While these grape varieties might grow well in the Hill Country, they don’t have the same name recognition as other well-known varieties. Townsend said that makes them harder to sell.
“They run into some marketing issues with that,” she says. “If you go to the grocery store, you’re going to look for a traditional variety like Cabernet or Merlot or Chardonnay. They’re less familiar with those types of wines and might be less likely to give them a try.”
But since the Texas wine industry is still making a name for itself nationally, some growers might be hesitance to make the switch, for fear of losing business.
“We have vineyards still growing it because that’s what’s economically viable,” says Gina Ross at Stone House.

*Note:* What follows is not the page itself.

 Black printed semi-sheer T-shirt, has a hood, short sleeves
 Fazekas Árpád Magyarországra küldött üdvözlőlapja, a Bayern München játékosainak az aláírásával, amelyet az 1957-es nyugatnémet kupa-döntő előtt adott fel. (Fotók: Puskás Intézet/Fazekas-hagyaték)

She says that didn’t stop owner Angela Moench when she started her vineyard in 1998. She planted all seven acres with Norton grapes, an American variety that she knew would survive harsh weather. The name might not be familiar, but Ross said the wine speaks for itself.

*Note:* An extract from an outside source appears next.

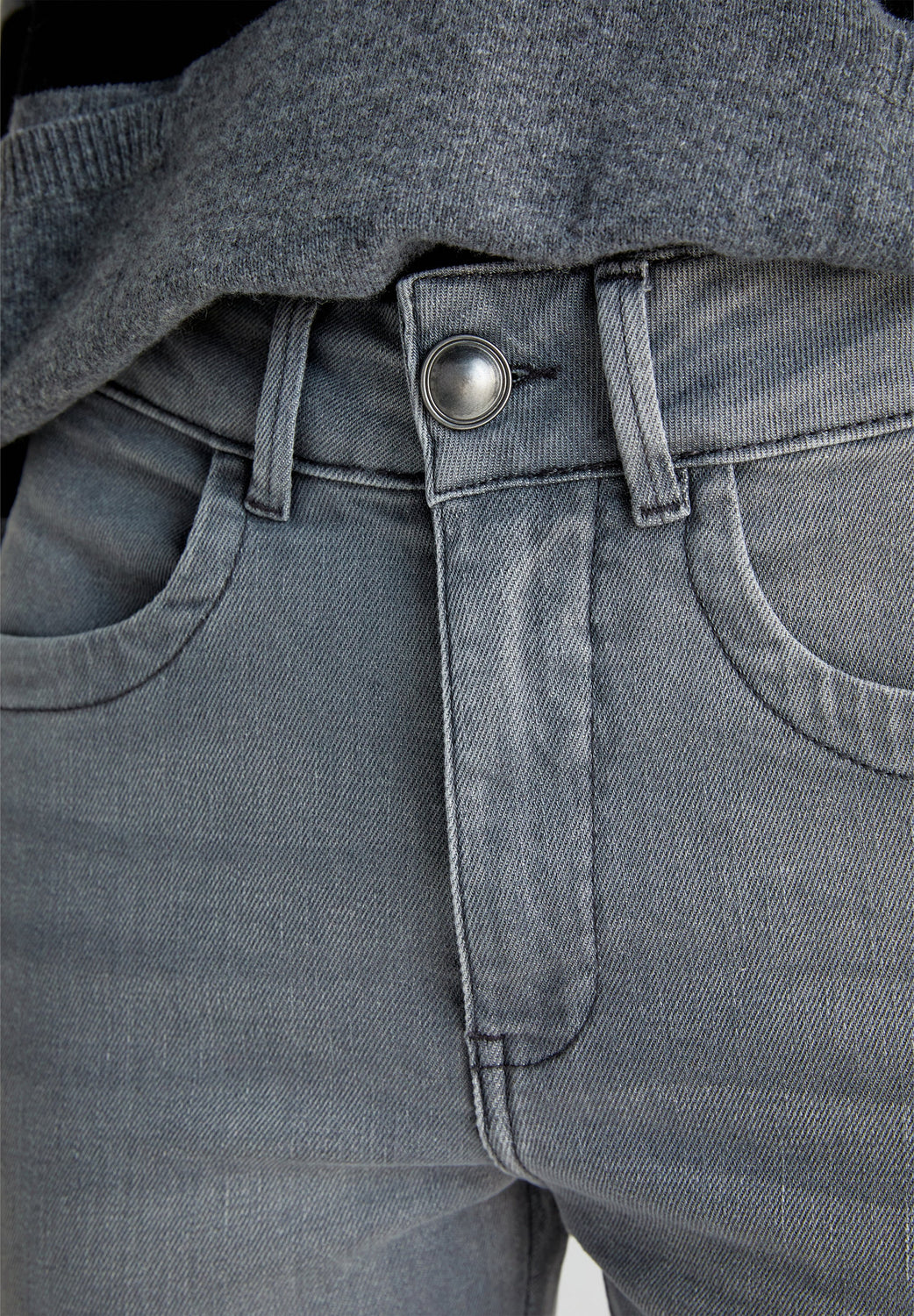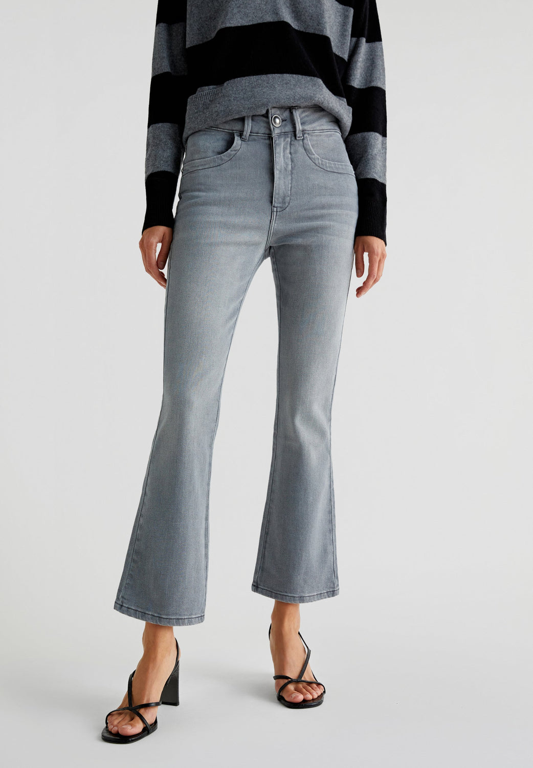 Jeans confeccionados en algodón ligeramente elástico. Corte ankle flare, cierre con botón y cremallera. Bolsillos laterales y traseros y trabillas en cintura.

“I know that people aren’t going to see a norton wine on the shelf and pick it up on their own. It’s very much what we call a ‘hand sell’ – where you do have to taste it and then you’re going to like it,” Ross says.
For Gary Elliott at Driftwood Estates, marketing Texas wine isn’t about the name of the grape, but quality of the wine across the board.
“Branding is a big thing. And branding isn’t just your label, it’s everything that you do,” he says.
But that’s a steep learning curve in a climate that’s as volatile as the Hill Country’s.
“What works today may not work tomorrow, what worked 10 years ago may not work today — it’s in flux,” Elliott says.
It’s a challenge that doesn’t seem to be scaring off new wineries. The Texas Wine and Grape Growers Association commissioned a study that found the state’s close to 400 wine producers have a more than $13 billion yearly economic impact.